Если бы он смог, он исполнил бы клятву. Исполнил бы. Но Саламандра больше нет.
Маша узнала об этом через день – после того как ее выпустили из заточения. Зареванная Любонька выпустила и умчалась на кухню, метя паркет подолом длинноватой, не по росту, юбки. Отец был кроток и мил и чувствовал себя бесконечно виноватым. Он обнял Марию и зашептал на ухо:
– Машенька, Машенька. Их больше нет никого. Поезда столкнулись, пошли под откос. Никто не выжил. Говорят, это дело бандитов. Две какие-то банды объединились и… орудуют на железной дороге. Машенька, крепись, моя девочка. Я с тобой. С тобой.
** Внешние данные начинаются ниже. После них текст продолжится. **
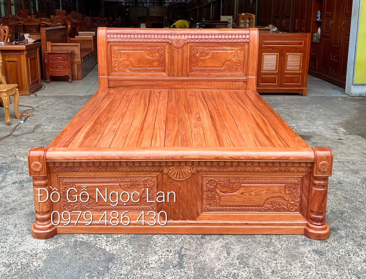 Giường ngủ gỗ hương đá vạt phản cao cấp mẫu quạt

И прости, прости меня, если можешь.
* * *
Когда нагрянул тать Симон Петлюра по прозванию Кровавый Бухгалтер, претендующий на роль ни больше ни меньше, как главы Украинской директории, Мария с отцом по строгому распоряжению Любоньки безвылазно сидели дома, потому что на русском языке разговаривать теперь запрещалось, а украинским они не владели за ненадобностью, украинский в Киеве до сих пор никогда никому и не требовался. А тут вдруг нате вам! Расстрел с предварительными издевательствами, коли забудешься и ляпнешь что-нибудь по-русски в присутствии «жовто-блакитных». Что касается Любоньки, то она хоть и не в совершенстве – далеко не в совершенстве! – но все же владела «ридной мовой» по той причине, что фамилия у нее была Москаленко. Украинская вполне фамилия, хотя по нынешним – «незалежным» – временам все же несколько сомнительная.